Abstract

Background:Ischemic stroke associated with an anomaly of the middle cerebral artery (MCA) is a rare occurrence. The diagnosis is very difficult when there are steno-occlusive lesions associated with an accessory middle cerebral artery (AMCA).

Case Description:A 77-year-old female with hypertension and hyperlipidemia experienced repeated transient ischemic attacks (TIAs) of motor aphasia and dysarthria.
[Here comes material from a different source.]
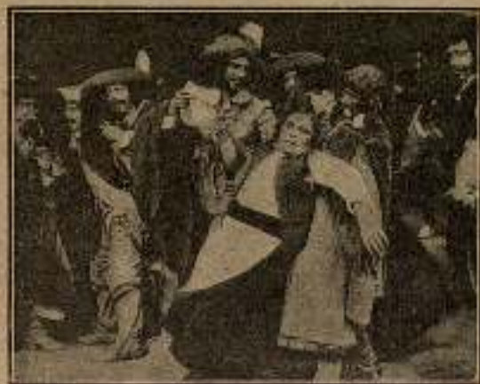
Asustados de la cólera de su amigo, todos retrocedieron...

que pasaba: pero Cyrano, al encontrarse delante de Cristian, hizo un esfuerzo sobre sí mismo y prosiguió, afectando sonreír:

Although angiography showed only left intracranial occlusion, the fusion images of three-dimensional digital subtraction angiography (3-D DSA) showed complex steno-occlusive lesions and an AMCA related with the TIA. The cerebral blood flow (CBF) to the left frontal lobe was supplied by the AMCA, via the anterior communicating artery from the right internal carotid artery. The left temporal and parietal lobes were supplied by the stenotic MCA, via the left posterior communicating artery from the left posterior cerebral artery. Single-photon emission computed tomography showed a marked decrease in CBF to both the left frontal and temporal lobes. A left superficial temporal artery (STA)-to-left MCA double anastomosis was performed, in which each branch of the STA supplied branches of the AMCA and MCA.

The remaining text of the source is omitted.